* [Task to complete]
Return every entry exactly as written, with the pictures removed.
[Available records Boundary: Start]
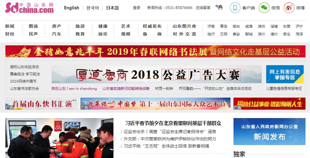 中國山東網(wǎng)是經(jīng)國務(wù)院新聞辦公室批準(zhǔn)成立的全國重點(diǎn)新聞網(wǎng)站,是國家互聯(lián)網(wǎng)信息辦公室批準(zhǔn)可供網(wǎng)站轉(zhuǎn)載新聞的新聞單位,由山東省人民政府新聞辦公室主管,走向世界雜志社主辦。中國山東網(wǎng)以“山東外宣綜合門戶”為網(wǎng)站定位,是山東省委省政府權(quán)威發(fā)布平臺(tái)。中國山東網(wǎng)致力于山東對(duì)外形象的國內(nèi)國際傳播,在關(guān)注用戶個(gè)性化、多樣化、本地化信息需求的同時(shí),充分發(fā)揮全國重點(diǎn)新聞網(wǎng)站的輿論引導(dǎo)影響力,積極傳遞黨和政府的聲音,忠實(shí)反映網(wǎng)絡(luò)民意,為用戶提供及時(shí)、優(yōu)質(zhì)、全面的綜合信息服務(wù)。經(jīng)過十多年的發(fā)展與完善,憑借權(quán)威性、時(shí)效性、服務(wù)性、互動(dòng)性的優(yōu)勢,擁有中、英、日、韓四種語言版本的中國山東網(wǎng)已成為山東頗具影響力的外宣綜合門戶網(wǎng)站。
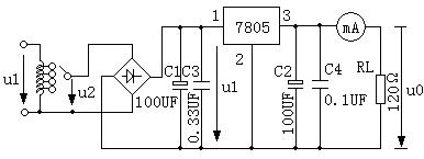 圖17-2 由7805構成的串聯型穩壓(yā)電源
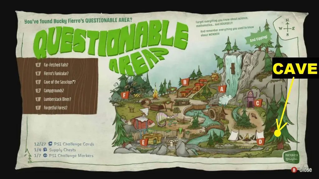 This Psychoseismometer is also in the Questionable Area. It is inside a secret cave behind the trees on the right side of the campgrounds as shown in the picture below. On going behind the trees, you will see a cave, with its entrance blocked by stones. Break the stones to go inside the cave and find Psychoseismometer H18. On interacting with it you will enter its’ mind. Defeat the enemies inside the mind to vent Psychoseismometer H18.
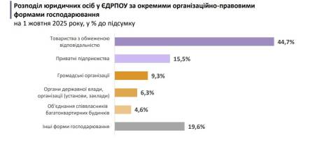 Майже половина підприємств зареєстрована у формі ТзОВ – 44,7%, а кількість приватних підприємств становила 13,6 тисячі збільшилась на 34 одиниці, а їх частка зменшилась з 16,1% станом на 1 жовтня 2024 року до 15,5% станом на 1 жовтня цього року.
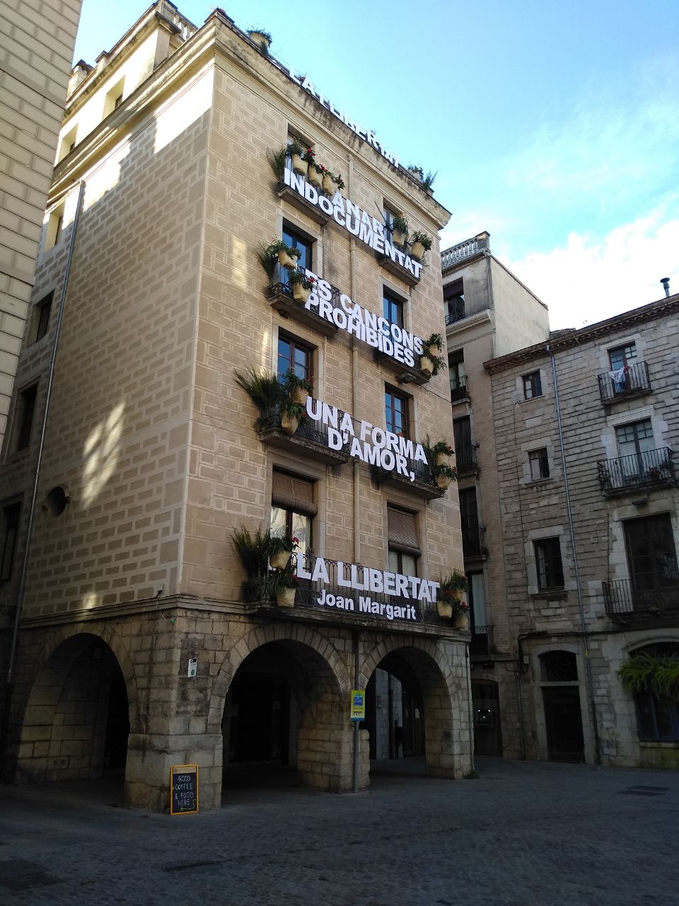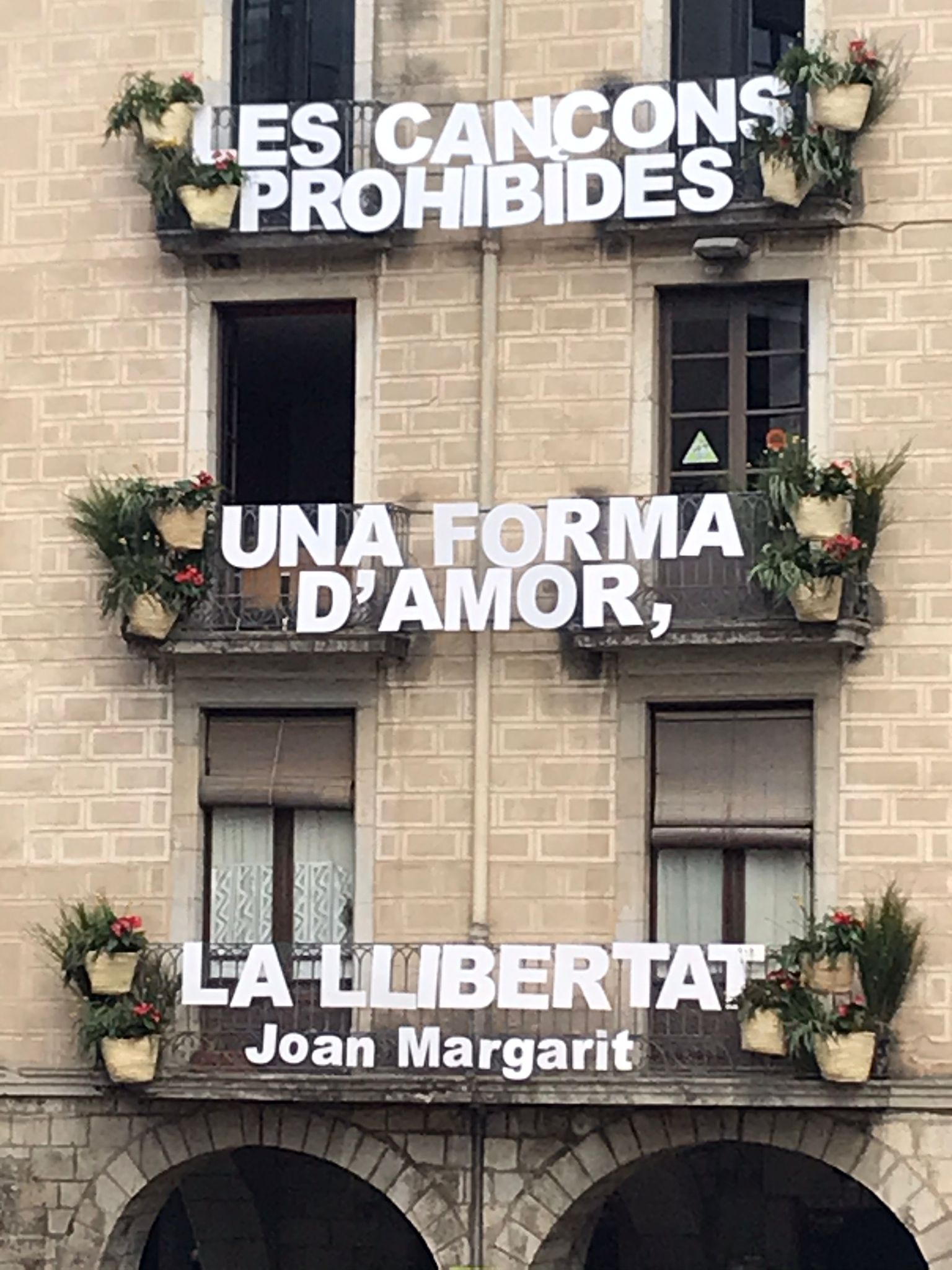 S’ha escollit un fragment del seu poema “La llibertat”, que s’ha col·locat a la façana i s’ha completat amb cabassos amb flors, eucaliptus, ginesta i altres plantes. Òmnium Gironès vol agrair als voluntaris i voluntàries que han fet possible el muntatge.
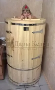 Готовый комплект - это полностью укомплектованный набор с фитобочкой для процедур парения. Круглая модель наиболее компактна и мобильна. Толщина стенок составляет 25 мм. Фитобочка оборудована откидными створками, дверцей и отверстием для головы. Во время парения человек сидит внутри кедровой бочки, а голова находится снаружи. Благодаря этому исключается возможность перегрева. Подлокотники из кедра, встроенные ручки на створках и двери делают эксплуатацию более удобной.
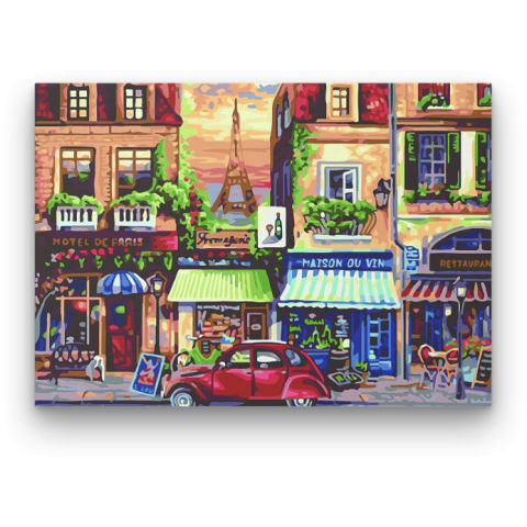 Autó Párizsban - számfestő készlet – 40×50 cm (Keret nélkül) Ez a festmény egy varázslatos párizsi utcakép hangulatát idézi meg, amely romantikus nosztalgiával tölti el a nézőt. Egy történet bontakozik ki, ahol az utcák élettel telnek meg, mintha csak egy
[Available records Boundary: End]
* [Exercise result]
 中國山東網(wǎng)是經(jīng)國務(wù)院新聞辦公室批準(zhǔn)成立的全國重點(diǎn)新聞網(wǎng)站,是國家互聯(lián)網(wǎng)信息辦公室批準(zhǔn)可供網(wǎng)站轉(zhuǎn)載新聞的新聞單位,由山東省人民政府新聞辦公室主管,走向世界雜志社主辦。中國山東網(wǎng)以“山東外宣綜合門戶”為網(wǎng)站定位,是山東省委省政府權(quán)威發(fā)布平臺(tái)。中國山東網(wǎng)致力于山東對(duì)外形象的國內(nèi)國際傳播,在關(guān)注用戶個(gè)性化、多樣化、本地化信息需求的同時(shí),充分發(fā)揮全國重點(diǎn)新聞網(wǎng)站的輿論引導(dǎo)影響力,積極傳遞黨和政府的聲音,忠實(shí)反映網(wǎng)絡(luò)民意,為用戶提供及時(shí)、優(yōu)質(zhì)、全面的綜合信息服務(wù)。經(jīng)過十多年的發(fā)展與完善,憑借權(quán)威性、時(shí)效性、服務(wù)性、互動(dòng)性的優(yōu)勢,擁有中、英、日、韓四種語言版本的中國山東網(wǎng)已成為山東頗具影響力的外宣綜合門戶網(wǎng)站。
 圖17-2 由7805構成的串聯型穩壓(yā)電源
 This Psychoseismometer is also in the Questionable Area. It is inside a secret cave behind the trees on the right side of the campgrounds as shown in the picture below. On going behind the trees, you will see a cave, with its entrance blocked by stones. Break the stones to go inside the cave and find Psychoseismometer H18. On interacting with it you will enter its’ mind. Defeat the enemies inside the mind to vent Psychoseismometer H18.
 Майже половина підприємств зареєстрована у формі ТзОВ – 44,7%, а кількість приватних підприємств становила 13,6 тисячі збільшилась на 34 одиниці, а їх частка зменшилась з 16,1% станом на 1 жовтня 2024 року до 15,5% станом на 1 жовтня цього року.
 S’ha escollit un fragment del seu poema “La llibertat”, que s’ha col·locat a la façana i s’ha completat amb cabassos amb flors, eucaliptus, ginesta i altres plantes. Òmnium Gironès vol agrair als voluntaris i voluntàries que han fet possible el muntatge.
 Готовый комплект - это полностью укомплектованный набор с фитобочкой для процедур парения. Круглая модель наиболее компактна и мобильна. Толщина стенок составляет 25 мм. Фитобочка оборудована откидными створками, дверцей и отверстием для головы. Во время парения человек сидит внутри кедровой бочки, а голова находится снаружи. Благодаря этому исключается возможность перегрева. Подлокотники из кедра, встроенные ручки на створках и двери делают эксплуатацию более удобной.
 Autó Párizsban - számfestő készlet – 40×50 cm (Keret nélkül) Ez a festmény egy varázslatos párizsi utcakép hangulatát idézi meg, amely romantikus nosztalgiával tölti el a nézőt. Egy történet bontakozik ki, ahol az utcák élettel telnek meg, mintha csak egy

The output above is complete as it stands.